Анисья всё больше и больше привязывалась к своему маленькому учителю, которого она очень полюбила ещё в Квашнине и который в дороге одним своим присутствием избавлял её от многих неприятных стычек с её помещицей. Поощрения она всякий раз принимала с большой благодарностью, но ела их редко, не иначе как по настоятельному требованию учителя, а большей частью откладывала для него же, на чёрный день.

«Бог знает, — думала она, — может быть, для него, для моего голубчика, опять настанут чёрные дни, так хоть пряничками да орешками потешу его...»

Училась Анисья так хорошо, успехи её в русском и французском языках были так быстры, что она в какие-нибудь Десять — двенадцать дней научилась по складам читать по-русски и знала наизусть много французских, очень для неё нужных, находила она, фраз. Серафима Ивановна не могла надивиться её старанию и успехам.

   — Эка ты дура, Аниська, — говорила она, — целые дни сидишь за тетрадью! Очень нужно учиться тебе грамоте да знать по-французски! Будто ты не понимаешь, что все эти уроки только так, в шутку, для забавы молодого князя, а ты и рада лакомиться его пряниками да цукерками да повторять, как сорока: «Покажи мне, где живёт прачка». Не за чем знать тебе, где она живёт: велят, так и без прачки, сама выстираешь бельё...

Анисья молча не соглашалась со своей помещицей и находила, что, отправляясь, может быть надолго, в страну, где никто не говорит на её языке, и выучась, хоть немножко, говорить на языке этой страны, она не так сильно будет тосковать если не по отечеству, то по своей Анюте, по которой она не переставала грустить с самого отъезда из Квашнина.

   — А что, principeilo, — спросила она раз у Миши (ей очень нравилось слово principeilo, особенно применённое к Мише), — что, если б я в Квашнине попросила твоего дедушку, чтоб Анюта ехала с нами? Ведь он, пожалуй, велел бы боярышне взять её?

   — Конечно, велел бы. Напрасно ты мне, Анисья, не сказала; я бы сам попросил дедушку; с Анютой нам было бы веселее ехать; да, кстати, я бы, пожалуй, и её поучил.

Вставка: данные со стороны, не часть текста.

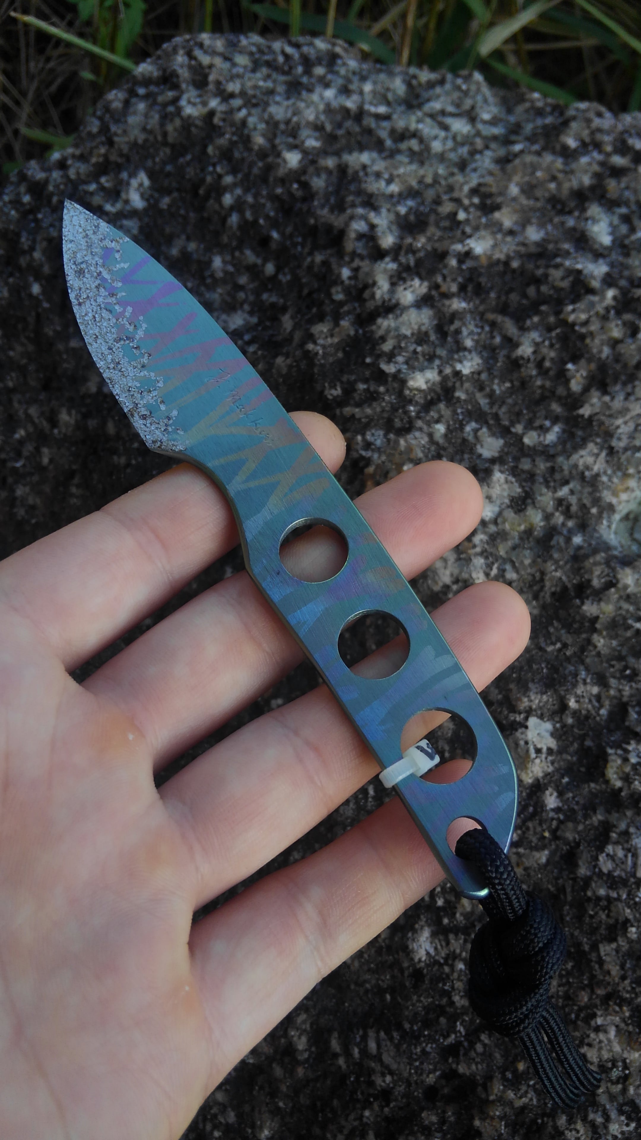また、このナイフは全く錆びません。なので、海での使用には最適です。また、チタンは摩耗に弱いので、砥石で簡単に刃がつきます。鋼材と比較すると1/3くらいの時間かと思います

   — Видишь ли, и захотелось мне попросить тебя, да и забоялась я. Думала, боярышня отказала, так, видно, не судьба, а может быть, говорю, даже и к лучшему, что она отказала: при Карле Фёдоровиче, при больничном-то докторе нашем, Анюта отдохнёт, говорю, он человек добрый. А кабы я знала, что и здесь будет не очень дурно, то, может быть, и решилась бы я поклониться твоему дедушке.

   — Хочешь, Анисьюшка, я попрошу тётю, чтоб она велела прислать Анюту в Париж? Она мне теперь, ты видишь, ни в чём не отказывает, и в этом не откажет...

   — Отказать-то она не откажет, — отвечала Анисья, — пожалуй, даже обещает, а всё-таки ничего не сделает, да ещё мне же и достанется. Вот кабы дедушке твоему или родителю написать, так совсем другое бы дело; да и то боязно: больно рассердится Серафима Ивановна на нас на обоих, если Анюта приедет в Париж без её ведома. Лучше бы посоветоваться с Осипом Осиповичем, ведь завтра, слышь, мы весь день здесь?

   — Да, тете хочется купить баранью шубку, ей очень расхвалили ольмюцких барашков, да и отдохнуть хочется ей.

   — Так вот, когда она поедет по лавкам, а мы сядем за урок, так и попросить бы доктора подсесть к нам. Он надоумит нас, что делать. Он сам знает, что Анюту очень надо бы полечить в тёплом месте; уж больно не любит она зимы, а в Париже, говорят, зимы совсем не бывает, не то что у нас в Квашнине.

На следующее утро как условились, так и сделали. Напившись кофе, Миша принялся за урок Анисье, а Серафима Ивановна отправилась по магазинам, велев завезти себя сперва к банкиру Виланду, лучшему в Ольмюце, то есть имеющему наибольшее число корреспондентов за границей.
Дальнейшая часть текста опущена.